2020’den 2021’e gündem
Türkiye farkı
Kovid-19'un her ülkeyi vuran ortak etkileri bir yana 2020'yi en iyi değerlendiren ülke bence Türkiye. Salgının gerektirdiği yardımlaşma prensibinin parlak örneği olarak ihtiyacı olanlara uluslararası yardımları ayrım yapmadan ulaştırdı. Dahası, Libya, Doğu Akdeniz ve Dağlık Karabağ hamleleri ile jeopolitik boşlukları doldurma maharetini gösterdi. Deniz yetki alanları ve milli egemenlik konularındaki kararlılığını sergiledi. Suriye ve Irak'ta PKK-YPG terörü ile mücadelede önemli bir ivme kazandı. Üç cephede Türk SİHA'larının sergilediği başarı, savaşların geleceğinin değiştiği üzerine tartışmayı tetikledi. Yine Türkiye'nin hamlelerinin sonucunda inisiyatif kaybedenlerin Ankara'yı "agresif dış politika" ile suçlamaları sahadaki değişimin verdiği rahatsızlıktan başka bir şey değil. Yaptırım tehditleri de yeni Türkiye realitesine uyum sağlamakta zorlananların çaresizliği. Ne sürdürülebilir ne de faydalı.
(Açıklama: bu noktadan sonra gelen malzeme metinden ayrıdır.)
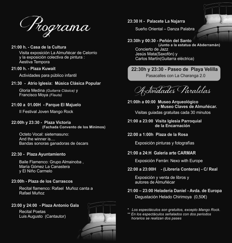 La Concejalía de Cultura del Ayuntamiento de Almuñécar espera y desea que los vecinos, visitantes y turistas, disfruten con esta serie de espectáculos como música, danza, exposiciones, visitas a museos,… en lugares emblemáticos del municipio y anima a que descubran los encantos de esta ciudad milenaria abierta y cosmopolita en esta noche cultural.

Reform ve yeni sayfalar açmak
Cumhurbaşkanı Erdoğan 2021'i "demokratik ve ekonomik reformlar yılı" olarak niteledi. Reform gündeminin tedrici olacağını ve mücadele perspektifini kaybetmeden sürdürüleceğini düşünüyorum. Cumhurbaşkanlığı sistemini yerleştirme amacının izleneceği açık. Bu arayışın bir tezahürü de Türkiye'nin son dört yılda dış politikadaki kazanımlarını konsolide etmek amacıyla ilgili aktörlerle yeni sayfalar açma niyeti. ABD ve AB ile ilişkilerin "karşılıklı fayda temelinde" toparlanması 2021'in gündeminin üst sıralarında. Yeni sayfa açma niyetine Mısır, Suudi Arabistan, İsrail ve BAE'nin de dahil edilmesi bekleniyor. Doğu Akdeniz'de bütün tarafları bir araya getiren iş birliği arzusu zaten masada. Ankara'nın yeni sayfa açma iradesi doğru anlaşılmalı.
Tamamlayıcı normalleşme
Diplomasiyi harekete geçirerek daha önce gerilim yaşanan bazı ülkelerle yeni uzlaşmalara varma niyeti "radikal değişim" isteği olarak görülmemeli. Ya da Ankara'nın milli çıkarları için ortaya koyduğu iddialardan vazgeçmesi şeklinde anlaşılmamalı. Bir diğerinin yerine geçme değil, tamamlayıcılık ilişkisi söz konusu. Zaten yeni sayfa açılması konuşulan aktörler de kendi stratejik hesaplarına bakarak Ankara ile iş birliği yapacak ya da yapmayacak. Biden yönetimi ile iyi ilişki kuralım demek, Rusya ile iş birliğini terk edelim anlamına gelmiyor. "Washington'un YPG'yi desteklemesine sessiz kalalım" ile hiçbir alakası yok. Ya da İsrail ile iyi ilişkileri hedeflemek Tel Aviv'in Filistin politikasını kabullenmeyi ve bazı Arap rejimlerinin "normalleşme" trenine atlamayı öngörmüyor. Nitekim Erdoğan'ın geçen Cuma namazı çıkışında "En tepe noktada sıkıntılar olmasa İsrail ile münasebetler çok daha farklı olabilirdi. Gönlümüz arzu eder ki onlarla münasebetlerimizi daha iyi bir noktaya taşıyalım" cümlesini kullandı. Ancak "Filistin politikası bizim kırmızı çizgimiz. İsrail'in acımasız davranışlarını kabul etmemiz mümkün değil" kaydını düşmeyi de unutmadı.
Ankara'nın şansı
Kovid-19 sonrası dünyanın büyük güç rekabeti ve Biden yönetimindeki ABD, bütün aktörlere yeni fırsat ve meydan okumalar sunacak. Önemli kriz dosyalarında ve değişen güç denklemlerinin yanı başında Türkiye var. Yeni dönemin değişim parametrelerini en iyi değerlendiren ülkenin Cumhurbaşkanı Erdoğan liderliğindeki Türkiye olacağını düşünüyorum.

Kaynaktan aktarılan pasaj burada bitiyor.